Thanks for letting me know about this, I'll have a look and see if I can work it out.

In general, I think there are a lot of fundamental problems with Distributions, especially when it comes to PPL. Making this better is a lot of the motivation behind MeasureTheory. It's not yet a full workaround, but most of my energy this year has been directed toward this.

4. I could not use the function `sample`.  Issue [sample(...) does not work #293](https://github.com/cscherrer/Soss.jl/issues/293) was raised with a similar problem.

Thanks for letting me know about this. When error are you getting? I'll need to be able to reproduce the problem before I can make progress on it.

5. I am not quite sure what you meant by:
   > This is discrete, so there's no way to set up a bijection to the reals. This is not Soss-specific, you'd have the same issue in Turing or Stan with HMC.

Hamiltonian Monte Carlo (HMC) was popularized by the Stan language. It's a great way to do inference, but it only works when the sample space is unconstrained Euclidean space.

The standard way to work around this is to marginalize of the discrete parameters, and set up a bijection between the sample space and ℝⁿ.

Do you have plans to add additional examples to the docs sometime soon?

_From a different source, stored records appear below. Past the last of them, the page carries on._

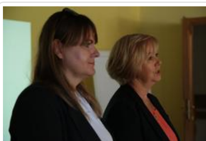
Warsztaty graficzne Sztuki Wyboru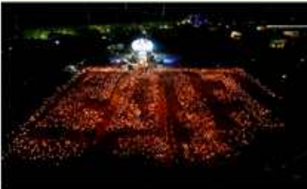
① 벽골제 햇불 퍼레이드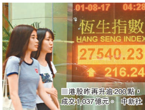
■港股昨再升逾200點，成交1,037億元。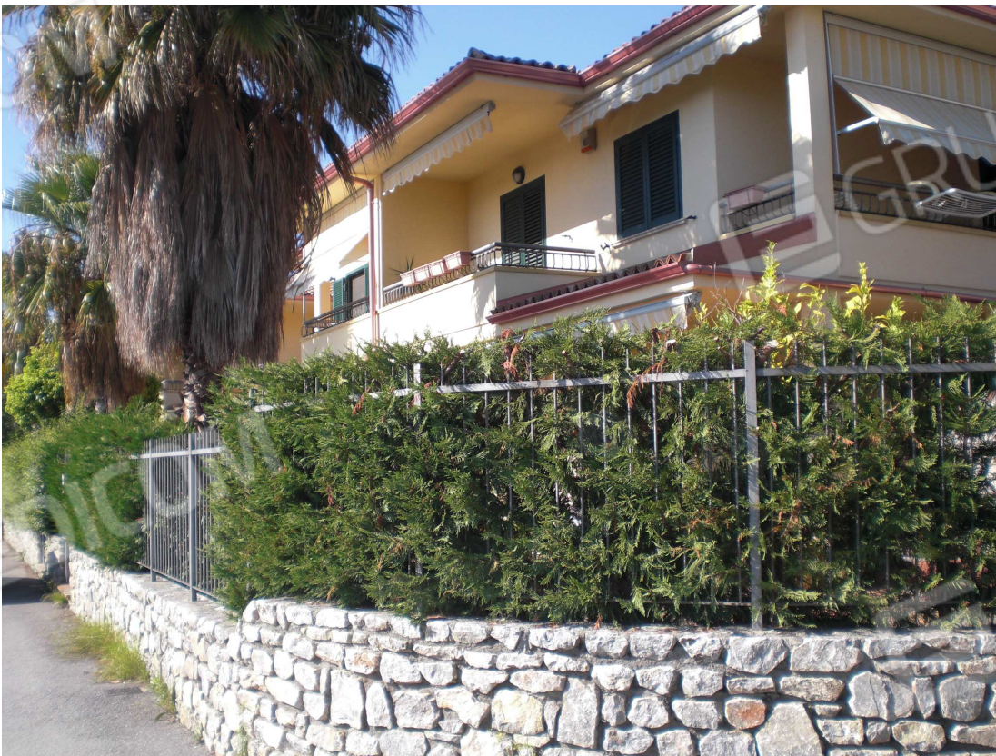
– Prospetto lato ovest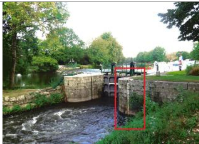
Ecluse de Montertelot aval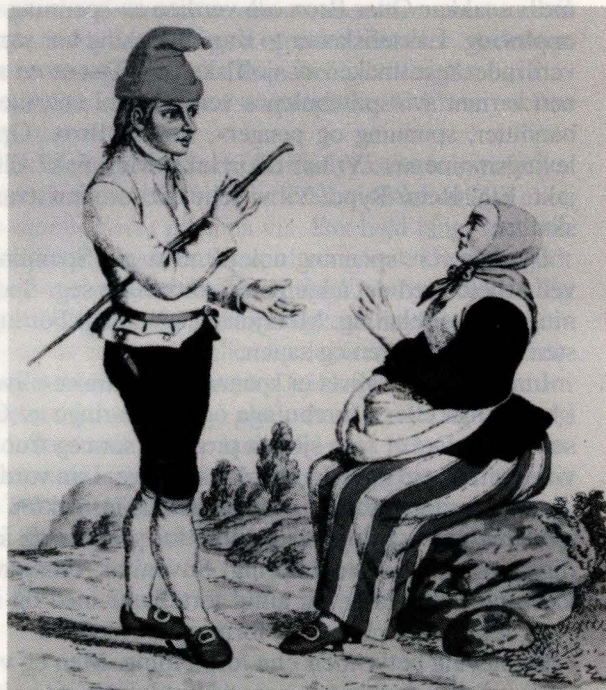
En Mand fra Tønset med sin Kone.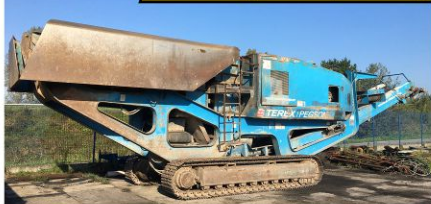
Kruszarka TEREX PEGSON PREMIERTRAK (2006)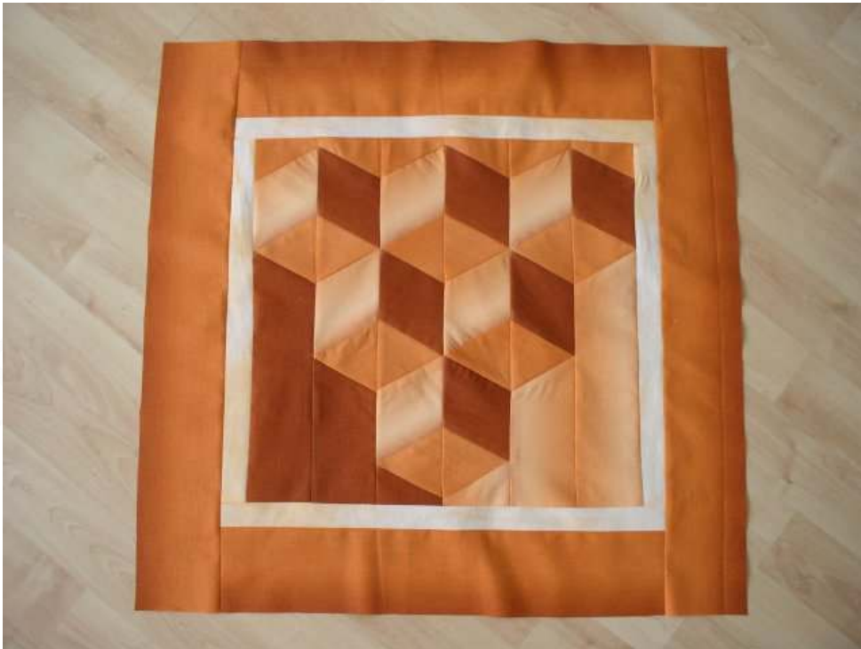
Obr. Autor: Valika B.

Zrýchlený postup priestorového spracovania rôznych zoskupení kociek. Rôzne farebné riešenia a rôzne využitie danej techniky na vankúše, tašky či dokonca deky. Výsledkom lekcie je blok vo veľkosti vankúša. Späť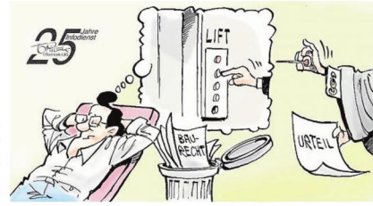
Der nachträgliche Einbau eines Fahrstuhls kann an einer fehlenden baurechtlichen Genehmigung scheitern. Grafik: obs/Bundesgeschäftsstelle Landesbausparkassen (LBS)

Interessierte finden alle Informationen zur Förderthematik auf der VFF-Info-Webseite fenster-können-mehr.de . Neben dem kostenlosen VFF-Fördermittel-Assistenten (dem Förderrechner) gibt es dort Erklärvideos und alle sonstigen Infos und Downloadmöglichkeiten. Zudem informiert die Seite über die Vorteile moderner Fensterlösungen, wie Energieeinsparung, Sicherheit, Schallschutz und Sonnenschutz.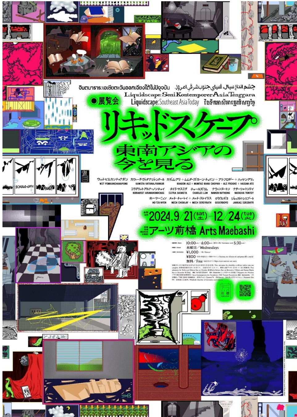
Nawin Nuthong 《2 sec before revolution in a leaf》《Flux》《Empty Tomb》《Paper Wing》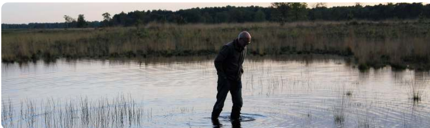
Dré op pad met de waterwerkgroep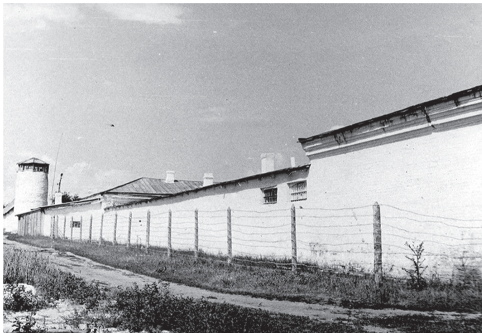
Тюремный замок после 1890 года.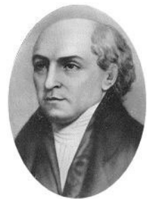
William Carey (1761-1834)

A despeito da imensa tarefa com a qual se defrontava na Índia, o “Trio de Serampore” tinha confiança no Deus que havia conduzido seus distantes ancestrais, também “escravos da superstição”, à genuína fé em Cristo. Trinta anos antes, em 1792, Carey fizera um número de referências a tal evangelização das Ilhas Britânicas em sua obra que marcou época, Uma Investigação Sobre o Dever dos Cristãos de Empregarem Meios para a Conversão dos Pagãos . 2 Carey lembrou aos crentes ingleses de seus dias, especialmente aos seus irmãos batistas particulares, que os cristãos de séculos atrás “não aguardaram que os antigos [germanos, gauleses e bretões] se tornassem civilizados para então serem cristianizados, mas foram avante apenas com a doutrina da cruz”. O nome de Patrício (c. 389-461) foi um dos que receberam mais atenção no livro de Carey: “No próximo ano Patrício foi enviado da Escócia para pregar aos irlandeses, que eram antes do seu tempo totalmente incivilizados, e, alguns dizem, canibais; ele, contudo, foi profícuo, e lançou os alicerces para diversas igrejas na Irlanda”. 3 Conquanto os fatos históricos indicados por Carey na sua obra não fossem todos rigorosamente corretos, isto indica que o êxito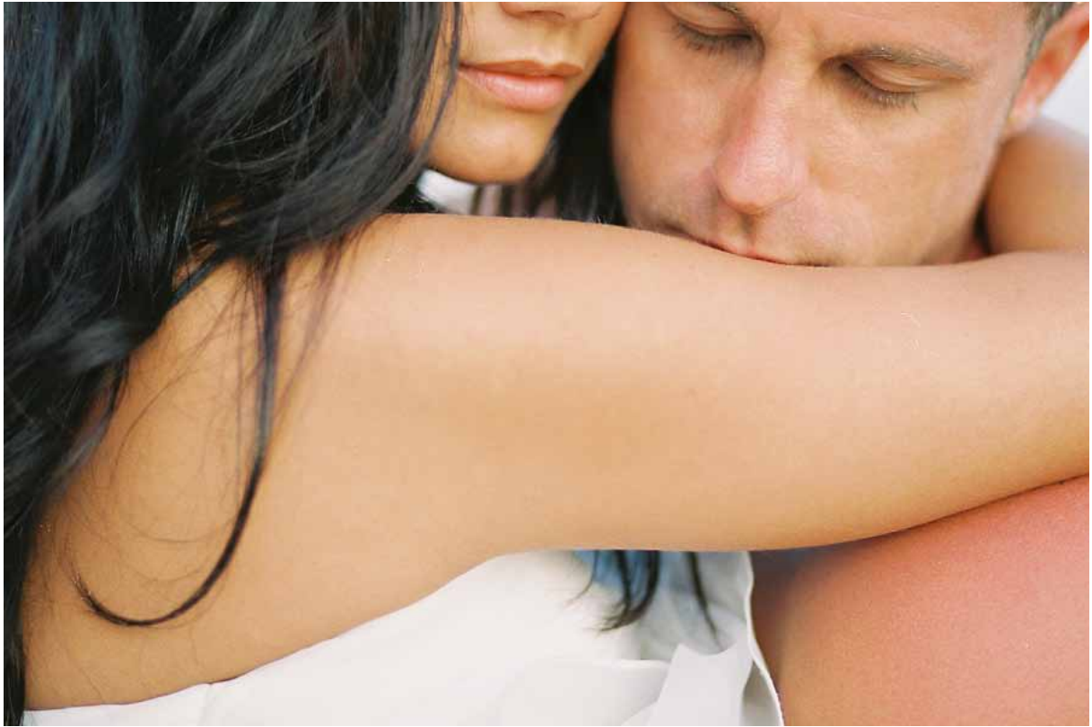
^ Hääkuva vuodelta 2012

I know the project is developing quite fast at the moment. Please do let me know if there is a need for help. I am currently learning about these models and it would be good practice to write a few examples.

This would be great!! Yes, we definitely need documentation, examples, tutorials, etc. The only limitation here is that I'm stretched in a few different directions, so it's hard to get everything done at once.

gzagatti commented 3 years ago

Thanks for the help again.

I have been studying the topic in more details and I developed a better understanding for transform. The TransformVariables.jl seems to be similar to Bijectors.jl.

I have created a gist with the Gaussian mixture example using different options that I have played around. The gist is a Pluto notebook so you should be able to replicate with the exact environment I am using. The version that is not commented out runs without any issues except for the last command that calls sample. It complains that this function is not defined.

As I get more familiar with PPLs, I will try to write some examples, add them to the documentation and open a PR with them.